───── Source data ─────

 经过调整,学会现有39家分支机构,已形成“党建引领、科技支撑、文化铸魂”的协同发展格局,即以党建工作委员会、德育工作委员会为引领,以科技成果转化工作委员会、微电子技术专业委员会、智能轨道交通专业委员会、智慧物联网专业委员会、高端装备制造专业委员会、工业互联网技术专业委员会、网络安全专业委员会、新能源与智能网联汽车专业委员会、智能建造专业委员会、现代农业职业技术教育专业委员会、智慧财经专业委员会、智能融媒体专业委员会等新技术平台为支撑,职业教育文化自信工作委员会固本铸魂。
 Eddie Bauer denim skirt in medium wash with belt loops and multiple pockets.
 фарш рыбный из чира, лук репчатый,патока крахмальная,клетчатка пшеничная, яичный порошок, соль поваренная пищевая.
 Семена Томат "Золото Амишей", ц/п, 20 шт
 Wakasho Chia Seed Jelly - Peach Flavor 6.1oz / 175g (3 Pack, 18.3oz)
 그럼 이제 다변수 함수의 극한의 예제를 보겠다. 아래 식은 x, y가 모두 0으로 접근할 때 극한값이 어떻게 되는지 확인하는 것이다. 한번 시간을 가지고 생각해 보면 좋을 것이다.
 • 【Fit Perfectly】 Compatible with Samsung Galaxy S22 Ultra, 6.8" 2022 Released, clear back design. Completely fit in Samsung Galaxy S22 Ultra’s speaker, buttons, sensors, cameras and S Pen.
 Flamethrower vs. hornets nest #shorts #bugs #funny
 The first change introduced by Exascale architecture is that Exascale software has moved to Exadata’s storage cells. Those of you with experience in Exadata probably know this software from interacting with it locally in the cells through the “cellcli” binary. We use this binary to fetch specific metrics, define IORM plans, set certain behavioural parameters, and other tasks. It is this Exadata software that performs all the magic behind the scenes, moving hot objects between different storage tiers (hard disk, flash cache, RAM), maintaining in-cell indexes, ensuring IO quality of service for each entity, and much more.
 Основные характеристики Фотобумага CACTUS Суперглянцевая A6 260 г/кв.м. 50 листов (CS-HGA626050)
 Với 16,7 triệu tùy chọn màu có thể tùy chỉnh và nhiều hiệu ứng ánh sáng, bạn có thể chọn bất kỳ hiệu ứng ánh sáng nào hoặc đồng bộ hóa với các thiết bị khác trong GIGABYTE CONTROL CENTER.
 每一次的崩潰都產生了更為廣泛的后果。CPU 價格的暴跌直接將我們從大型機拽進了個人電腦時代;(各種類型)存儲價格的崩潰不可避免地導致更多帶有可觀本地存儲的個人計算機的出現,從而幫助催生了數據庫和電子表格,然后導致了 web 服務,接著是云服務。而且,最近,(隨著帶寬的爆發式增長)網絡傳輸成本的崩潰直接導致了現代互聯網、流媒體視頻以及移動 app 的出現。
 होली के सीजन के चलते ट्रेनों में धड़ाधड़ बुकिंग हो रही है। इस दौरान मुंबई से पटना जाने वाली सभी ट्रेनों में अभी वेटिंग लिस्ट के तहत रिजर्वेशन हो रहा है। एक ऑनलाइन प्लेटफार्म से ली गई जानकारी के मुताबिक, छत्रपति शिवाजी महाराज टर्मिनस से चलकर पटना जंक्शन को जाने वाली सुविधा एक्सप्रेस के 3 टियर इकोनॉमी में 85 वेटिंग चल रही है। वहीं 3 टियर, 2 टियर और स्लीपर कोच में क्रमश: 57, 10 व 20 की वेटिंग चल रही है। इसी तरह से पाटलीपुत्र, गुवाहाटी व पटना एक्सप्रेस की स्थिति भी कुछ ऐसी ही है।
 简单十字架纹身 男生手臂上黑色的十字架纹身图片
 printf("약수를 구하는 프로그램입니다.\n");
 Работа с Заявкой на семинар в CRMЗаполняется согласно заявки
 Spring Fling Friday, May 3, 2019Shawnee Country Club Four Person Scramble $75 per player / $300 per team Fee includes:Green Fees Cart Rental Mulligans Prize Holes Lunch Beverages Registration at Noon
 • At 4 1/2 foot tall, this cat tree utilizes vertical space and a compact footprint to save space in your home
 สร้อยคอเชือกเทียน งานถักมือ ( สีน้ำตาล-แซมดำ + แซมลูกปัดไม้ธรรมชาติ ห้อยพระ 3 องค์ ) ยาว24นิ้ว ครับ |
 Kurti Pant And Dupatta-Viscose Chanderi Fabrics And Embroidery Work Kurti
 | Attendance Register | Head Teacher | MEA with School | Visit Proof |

─────

- **Exercise goal**:
Every word of every entry must be returned as it appears.

- **Response for this exercise**:
 经过调整,学会现有39家分支机构,已形成“党建引领、科技支撑、文化铸魂”的协同发展格局,即以党建工作委员会、德育工作委员会为引领,以科技成果转化工作委员会、微电子技术专业委员会、智能轨道交通专业委员会、智慧物联网专业委员会、高端装备制造专业委员会、工业互联网技术专业委员会、网络安全专业委员会、新能源与智能网联汽车专业委员会、智能建造专业委员会、现代农业职业技术教育专业委员会、智慧财经专业委员会、智能融媒体专业委员会等新技术平台为支撑,职业教育文化自信工作委员会固本铸魂。
 Eddie Bauer denim skirt in medium wash with belt loops and multiple pockets.
 фарш рыбный из чира, лук репчатый,патока крахмальная,клетчатка пшеничная, яичный порошок, соль поваренная пищевая.
 Семена Томат "Золото Амишей", ц/п, 20 шт
 Wakasho Chia Seed Jelly - Peach Flavor 6.1oz / 175g (3 Pack, 18.3oz)
 그럼 이제 다변수 함수의 극한의 예제를 보겠다. 아래 식은 x, y가 모두 0으로 접근할 때 극한값이 어떻게 되는지 확인하는 것이다. 한번 시간을 가지고 생각해 보면 좋을 것이다.
 • 【Fit Perfectly】 Compatible with Samsung Galaxy S22 Ultra, 6.8" 2022 Released, clear back design. Completely fit in Samsung Galaxy S22 Ultra’s speaker, buttons, sensors, cameras and S Pen.
 Flamethrower vs. hornets nest #shorts #bugs #funny
 The first change introduced by Exascale architecture is that Exascale software has moved to Exadata’s storage cells. Those of you with experience in Exadata probably know this software from interacting with it locally in the cells through the “cellcli” binary. We use this binary to fetch specific metrics, define IORM plans, set certain behavioural parameters, and other tasks. It is this Exadata software that performs all the magic behind the scenes, moving hot objects between different storage tiers (hard disk, flash cache, RAM), maintaining in-cell indexes, ensuring IO quality of service for each entity, and much more.
 Основные характеристики Фотобумага CACTUS Суперглянцевая A6 260 г/кв.м. 50 листов (CS-HGA626050)
 Với 16,7 triệu tùy chọn màu có thể tùy chỉnh và nhiều hiệu ứng ánh sáng, bạn có thể chọn bất kỳ hiệu ứng ánh sáng nào hoặc đồng bộ hóa với các thiết bị khác trong GIGABYTE CONTROL CENTER.
 每一次的崩潰都產生了更為廣泛的后果。CPU 價格的暴跌直接將我們從大型機拽進了個人電腦時代;(各種類型)存儲價格的崩潰不可避免地導致更多帶有可觀本地存儲的個人計算機的出現,從而幫助催生了數據庫和電子表格,然后導致了 web 服務,接著是云服務。而且,最近,(隨著帶寬的爆發式增長)網絡傳輸成本的崩潰直接導致了現代互聯網、流媒體視頻以及移動 app 的出現。
 होली के सीजन के चलते ट्रेनों में धड़ाधड़ बुकिंग हो रही है। इस दौरान मुंबई से पटना जाने वाली सभी ट्रेनों में अभी वेटिंग लिस्ट के तहत रिजर्वेशन हो रहा है। एक ऑनलाइन प्लेटफार्म से ली गई जानकारी के मुताबिक, छत्रपति शिवाजी महाराज टर्मिनस से चलकर पटना जंक्शन को जाने वाली सुविधा एक्सप्रेस के 3 टियर इकोनॉमी में 85 वेटिंग चल रही है। वहीं 3 टियर, 2 टियर और स्लीपर कोच में क्रमश: 57, 10 व 20 की वेटिंग चल रही है। इसी तरह से पाटलीपुत्र, गुवाहाटी व पटना एक्सप्रेस की स्थिति भी कुछ ऐसी ही है।
 简单十字架纹身 男生手臂上黑色的十字架纹身图片
 printf("약수를 구하는 프로그램입니다.\n");
 Работа с Заявкой на семинар в CRMЗаполняется согласно заявки
 Spring Fling Friday, May 3, 2019Shawnee Country Club Four Person Scramble $75 per player / $300 per team Fee includes:Green Fees Cart Rental Mulligans Prize Holes Lunch Beverages Registration at Noon
 • At 4 1/2 foot tall, this cat tree utilizes vertical space and a compact footprint to save space in your home
 สร้อยคอเชือกเทียน งานถักมือ ( สีน้ำตาล-แซมดำ + แซมลูกปัดไม้ธรรมชาติ ห้อยพระ 3 องค์ ) ยาว24นิ้ว ครับ |
 Kurti Pant And Dupatta-Viscose Chanderi Fabrics And Embroidery Work Kurti
 | Attendance Register | Head Teacher | MEA with School | Visit Proof |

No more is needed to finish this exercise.